DeepSeek Open Weights + Reports

Models: DeepSeek-V3, DeepSeek-R1. Open weights with detailed technical reports on architecture and training methodology, but no dataset release. R1's reinforcement-learning pipeline is documented enough to be reproducible in principle.

Mistral AI Open Weights + Papers

Models: Mixtral, Mistral 7B. Open weights (some Apache 2.0) with research papers describing recipes, but training data is not released. A member of the NVIDIA Nemotron Coalition.

Cohere For AI Open Weights + Data Cards

Models: Aya family. Open weights with multilingual data cards documenting composition, but not the raw dataset itself.

3

The Frontier-Scale Open Outlier

NVIDIA — Nemotron Frontier-Scale Open

Builds frontier-scale open models and releases the data — distinct from "frontier-class" capability.
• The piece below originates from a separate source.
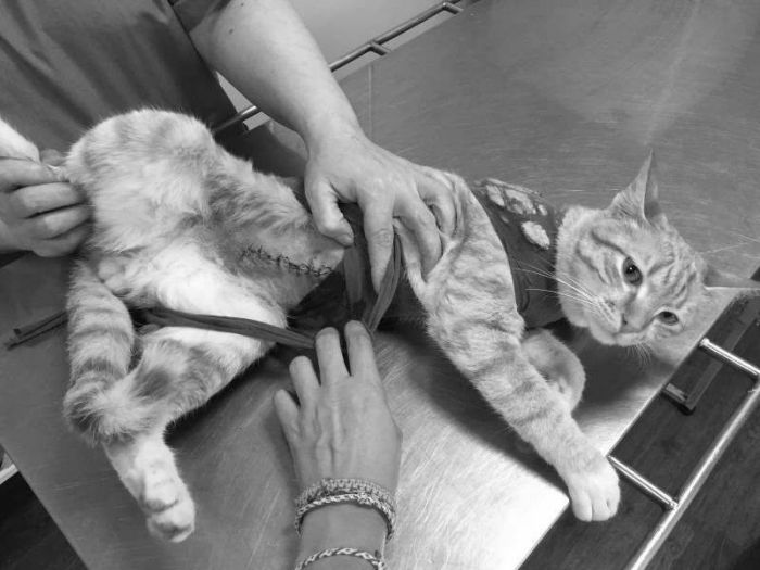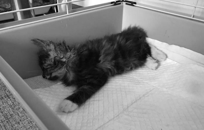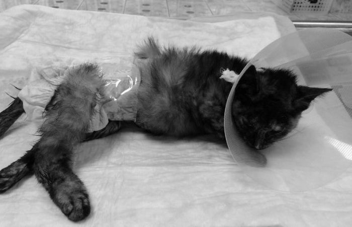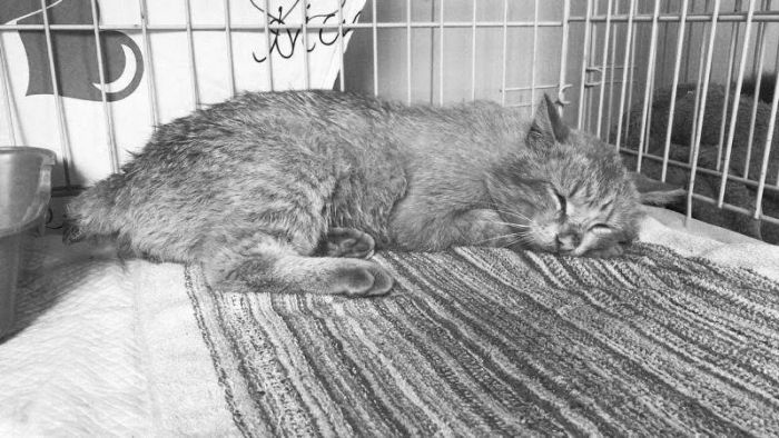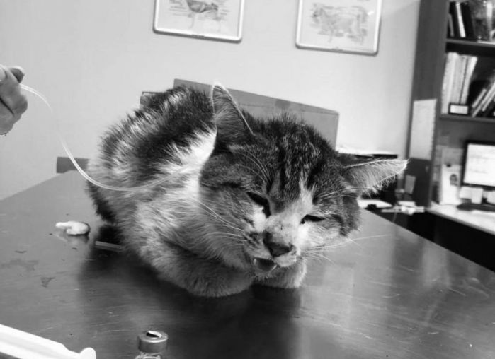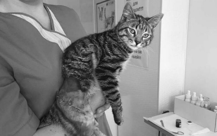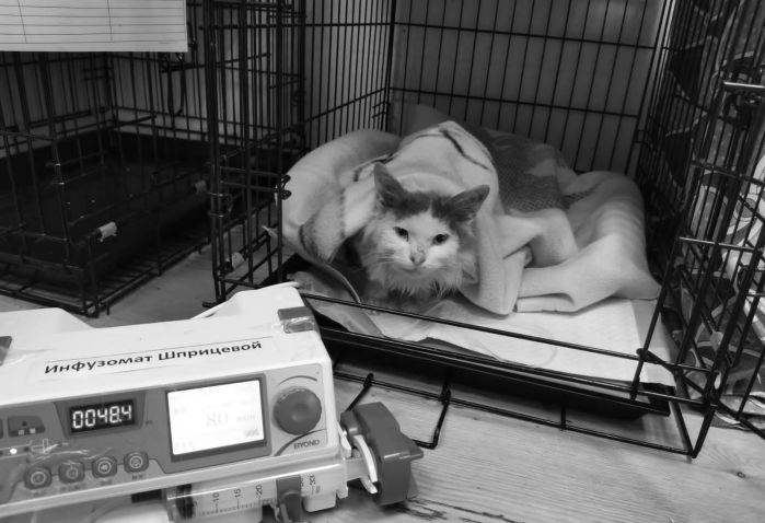 Он был истощён, температура была критично низкая, и он уже не ел. К сожалению, мы пошли по ложному пути, так как он заинтересовался сосиской. Мы начали скупать фарш/мясо и разные корма. Просто думали, что он, как и Стетхем, не умеет есть корм. Параллельно, само собой, его обследовали и давали поддерживающую терапию, исходя из видимых симптомов, но это частично смазало симптомы. Только через двое суток был поставлен диагноз – «непроходимость кишечника». Рискнули оперировать, достали еbanый кусочек резинового коврика… но операцию он не перенёс. После неё он не смог проснуться. К моменту операции он был уже слишком слаб, истощён, и сил не хватило. Это был банальный непроход. Просто кто-то выкинул его из дома вместо того, чтобы лечить. А мы, не зная анамнеза, тыкались, как слепые котята в разные диагнозы, пока не нашли нужный.

Nemotron 3 (Dec 2025) shipped with training datasets, recipes, and ~10T tokens of open data. The Nemotron Coalition (GTC, March 2026) pools data and compute with Mistral, Perplexity, Cursor, LangChain, and others.

A coalition-built base model co-developed with Mistral that will underpin the upcoming Nemotron 4 family, intended to be open-sourced on completion.
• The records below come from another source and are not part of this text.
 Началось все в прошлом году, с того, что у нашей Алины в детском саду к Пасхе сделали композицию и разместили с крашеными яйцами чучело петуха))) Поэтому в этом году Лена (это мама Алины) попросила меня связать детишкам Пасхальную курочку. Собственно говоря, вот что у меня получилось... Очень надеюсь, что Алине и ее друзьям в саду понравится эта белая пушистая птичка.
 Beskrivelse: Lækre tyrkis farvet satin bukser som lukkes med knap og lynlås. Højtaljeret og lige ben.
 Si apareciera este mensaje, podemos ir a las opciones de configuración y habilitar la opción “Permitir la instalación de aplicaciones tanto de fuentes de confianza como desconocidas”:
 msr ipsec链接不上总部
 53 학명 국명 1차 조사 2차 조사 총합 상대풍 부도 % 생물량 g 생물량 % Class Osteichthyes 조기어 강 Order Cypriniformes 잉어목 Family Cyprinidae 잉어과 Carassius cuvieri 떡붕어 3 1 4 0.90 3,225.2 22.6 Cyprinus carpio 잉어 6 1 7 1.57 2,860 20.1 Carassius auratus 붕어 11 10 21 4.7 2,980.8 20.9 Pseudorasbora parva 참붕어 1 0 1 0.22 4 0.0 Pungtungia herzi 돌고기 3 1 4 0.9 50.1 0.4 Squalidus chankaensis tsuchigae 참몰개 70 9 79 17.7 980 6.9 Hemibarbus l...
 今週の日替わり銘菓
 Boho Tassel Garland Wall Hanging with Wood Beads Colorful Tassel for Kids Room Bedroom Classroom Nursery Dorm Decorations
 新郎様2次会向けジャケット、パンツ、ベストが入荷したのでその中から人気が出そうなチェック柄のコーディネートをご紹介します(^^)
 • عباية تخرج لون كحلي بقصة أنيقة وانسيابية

The honest trend note: The direction of the big closed labs is the opposite of this group. Even OpenAI, Anthropic, and Google DeepMind used to disclose substantial detail about their pretraining data mixtures pre-2022, but stopped — with researchers specifically citing lawsuits as the reason. The realistic forward picture is a widening split: the closed frontier gets less transparent on data, while this open-data cohort carries the full-transparency torch — increasingly using openly licensed data specifically to stay legally durable.

Caveat on roadmaps: Only Ai2 (Olmo-MoE 2026) and NVIDIA (Nemotron 4) have given fairly concrete public timelines. The others have stated direction (more data, more reproducibility) without firm dates — so their forward plans should not be read as scheduled commitments.

4

Nuances Worth Separating

Open weights ≠ open data. Google's Gemma and Meta's Llama come from frontier-scale labs, but they release the weights and withhold the dataset. Genuine full-data release from a frontier-scale builder is basically NVIDIA plus the dedicated research orgs.
Indirect contribution via distillation. Frontier models' outputs do flow into open models as synthetic training data — many open models are partly trained on GPT- or Claude-generated text. But that's usually done by the open-model builders scraping or generating from APIs, often against terms of service, rather than the closed lab deliberately contributing. It's influence, not donation.

5

Concrete Examples of Data Reuse

OLMo's Dolma corpus was explicitly built to be reusable — AI2 said outright they expected it to be useful for training other language models. Zyphra's Zyda dataset was built partly on Dolma's filtering and deduplication approach. SmolLM itself reuses the books subset of Dolma for its long-context training mix.
SmolLM's data lineage (FineWeb-Edu, DCLM, SmolTalk) flows in the other direction and gets reused widely. SmolLM2 was trained on Python-Edu from The Stack, FineWeb-Edu, DCLM, and curated datasets — all open components that show up across many small-model projects.
The tooling travels too: OLMo's evaluation harness (Catwalk/OLMES) and its fully-published training code are used by researchers studying training dynamics, precisely because everything is reproducible.

6

The Bar: OSAID 1.0

The Open Source Initiative published its Open Source AI Definition (OSAID 1.0) in October 2024. It requires sufficiently detailed information about the data used for training, the code to run the system, and the weights — note it does not mandate releasing the training dataset itself, nor the full training code. By even that bar, almost none of the popular "open" models qualify.